WHAT TO PRODUCE » Print exactly the lines that run from the one containing "いろいろやり方があるけど、一" to the final line of the data, both included, and print none of the pictures.

DATA BLOCK »

····················

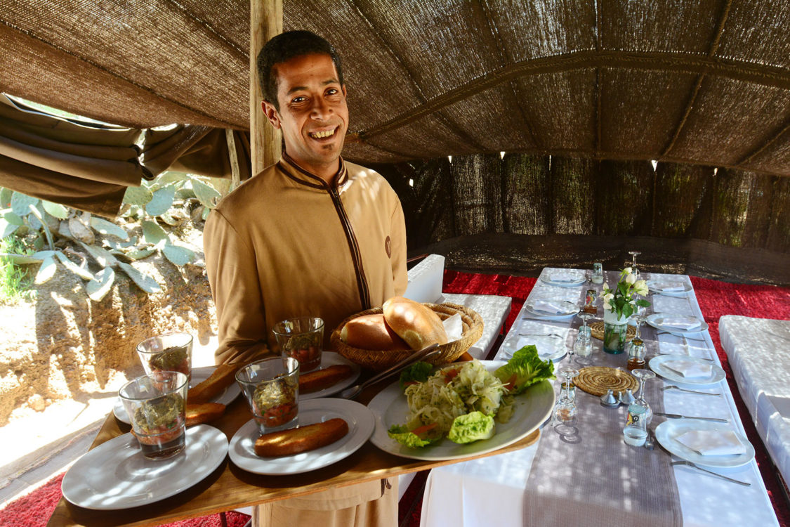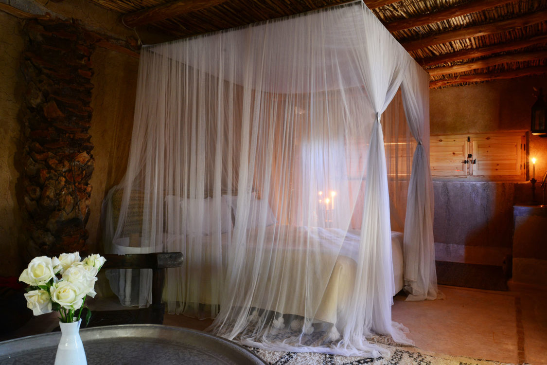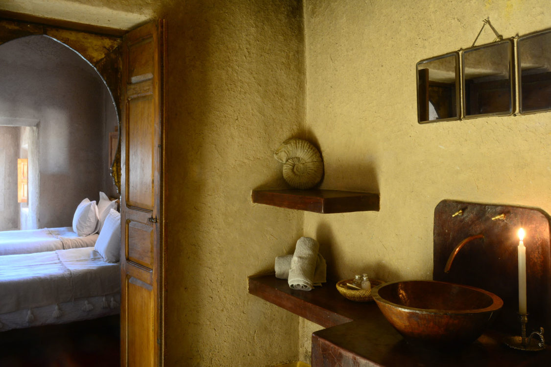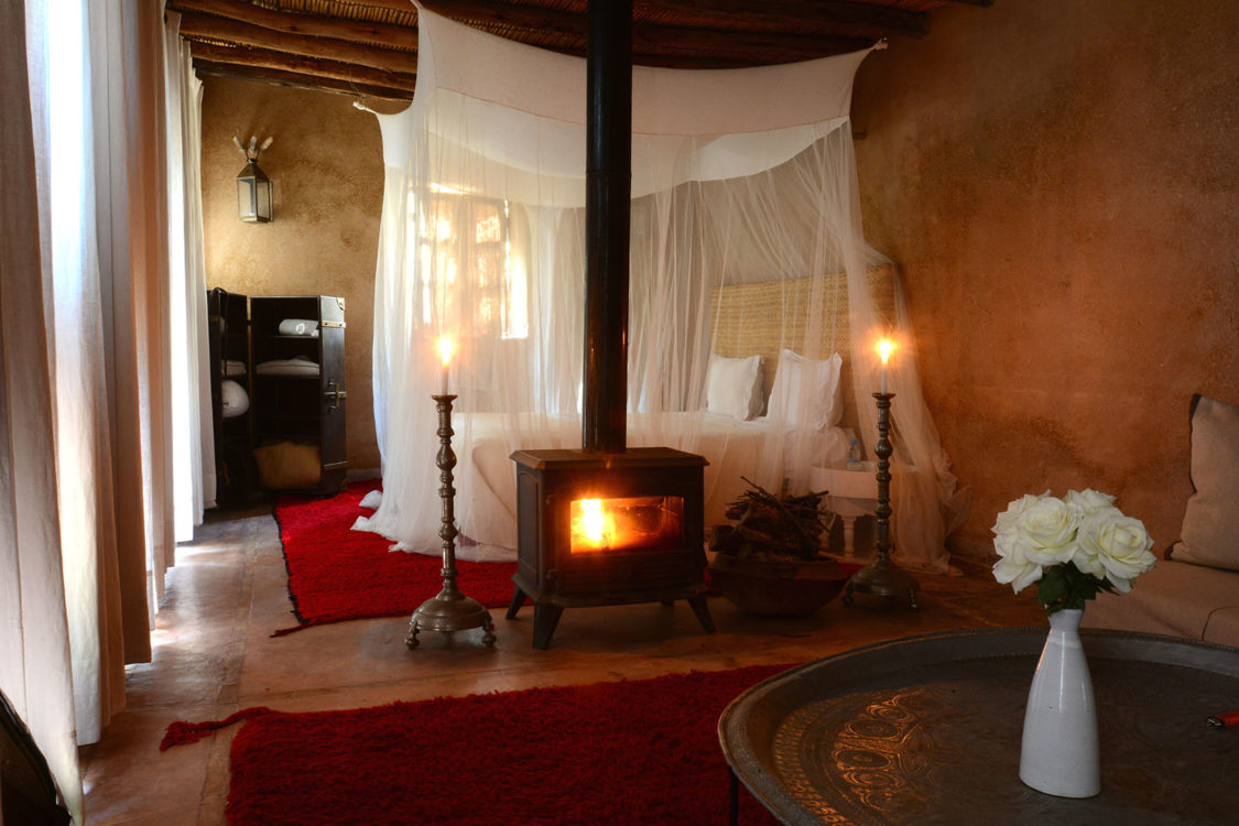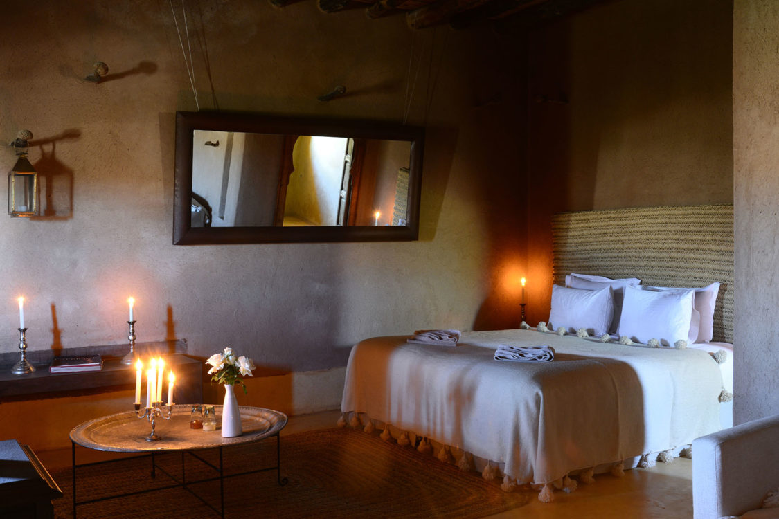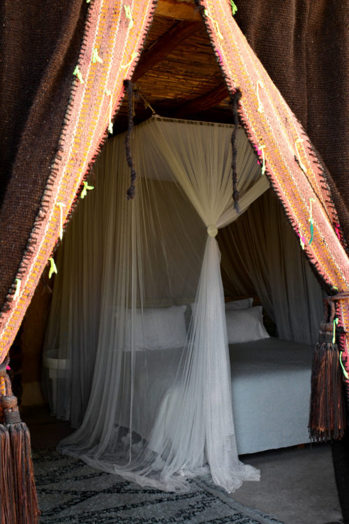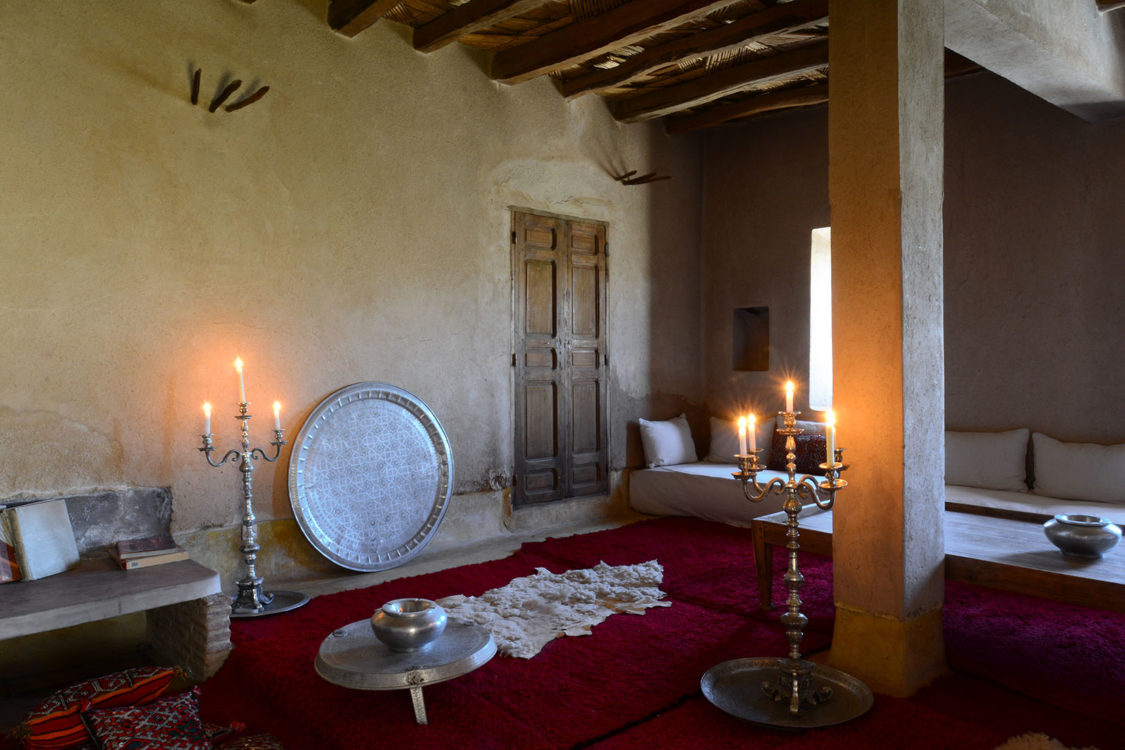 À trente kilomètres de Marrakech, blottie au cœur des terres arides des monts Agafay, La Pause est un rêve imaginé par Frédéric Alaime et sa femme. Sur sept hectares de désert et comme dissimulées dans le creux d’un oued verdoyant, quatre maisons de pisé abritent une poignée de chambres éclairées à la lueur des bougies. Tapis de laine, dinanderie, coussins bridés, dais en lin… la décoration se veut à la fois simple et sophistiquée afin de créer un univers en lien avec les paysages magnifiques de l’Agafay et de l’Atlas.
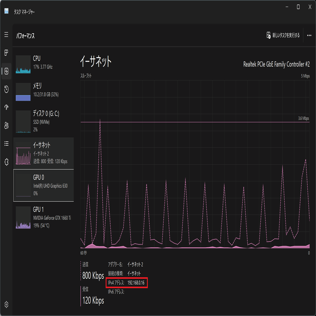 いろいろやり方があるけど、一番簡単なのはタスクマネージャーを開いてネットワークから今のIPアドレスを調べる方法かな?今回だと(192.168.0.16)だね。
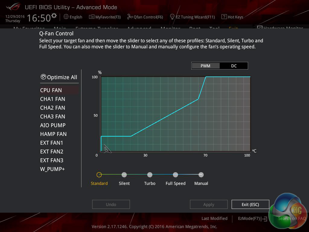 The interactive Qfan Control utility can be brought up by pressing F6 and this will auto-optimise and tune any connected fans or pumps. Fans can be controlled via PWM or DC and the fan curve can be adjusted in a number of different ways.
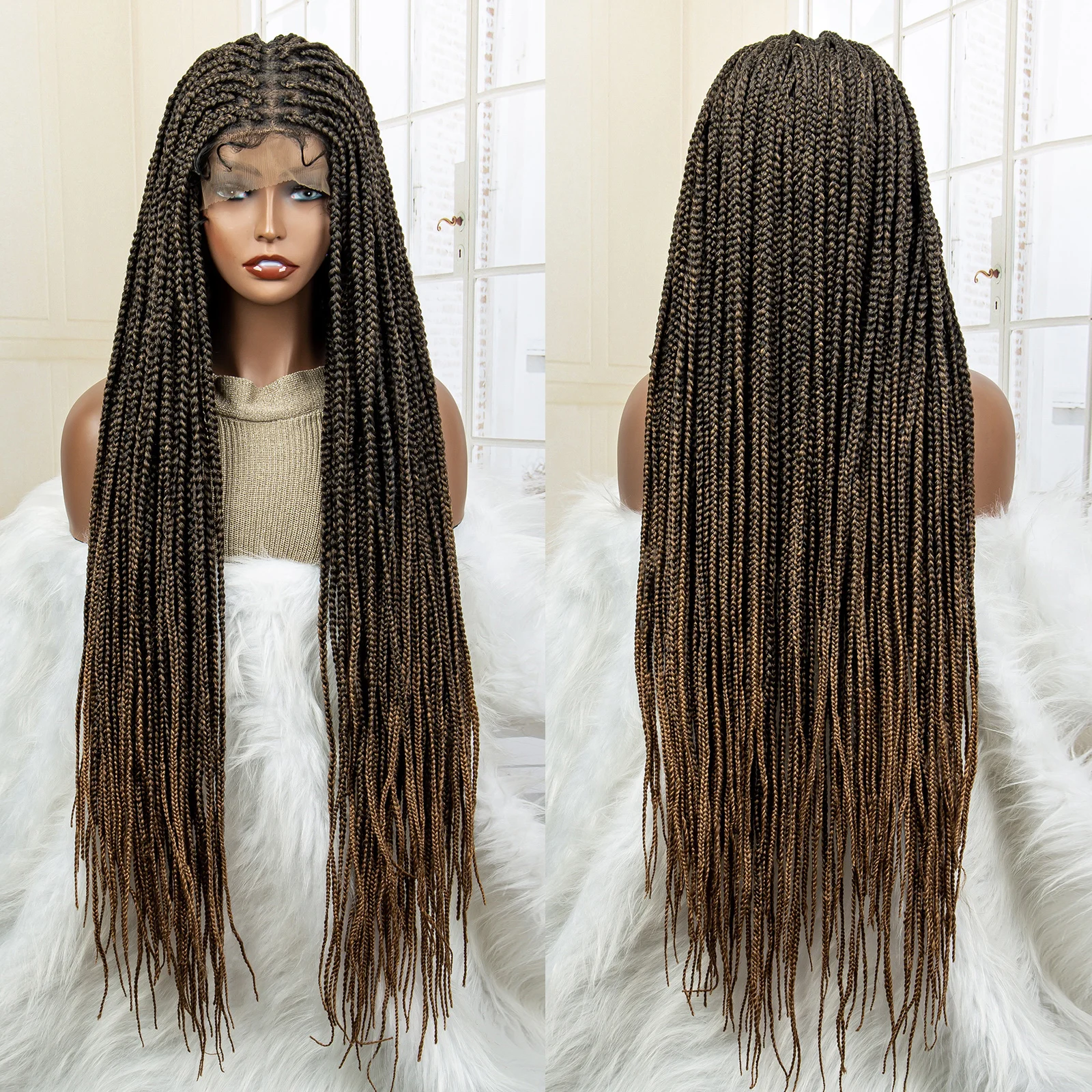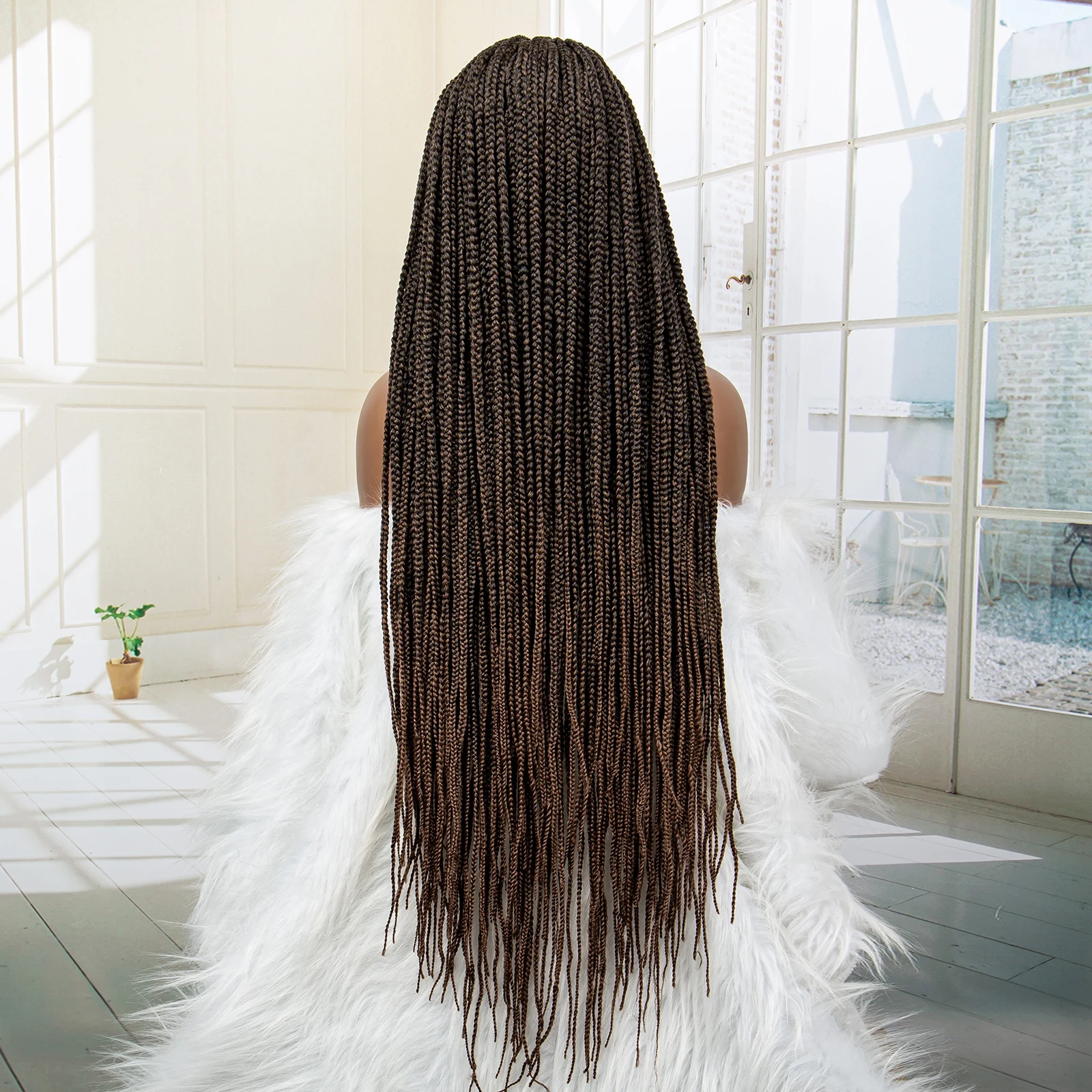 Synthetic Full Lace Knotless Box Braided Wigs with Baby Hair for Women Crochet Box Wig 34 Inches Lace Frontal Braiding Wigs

····················

WRITTEN ANSWER »
 いろいろやり方があるけど、一番簡単なのはタスクマネージャーを開いてネットワークから今のIPアドレスを調べる方法かな?今回だと(192.168.0.16)だね。
 The interactive Qfan Control utility can be brought up by pressing F6 and this will auto-optimise and tune any connected fans or pumps. Fans can be controlled via PWM or DC and the fan curve can be adjusted in a number of different ways.
 Synthetic Full Lace Knotless Box Braided Wigs with Baby Hair for Women Crochet Box Wig 34 Inches Lace Frontal Braiding Wigs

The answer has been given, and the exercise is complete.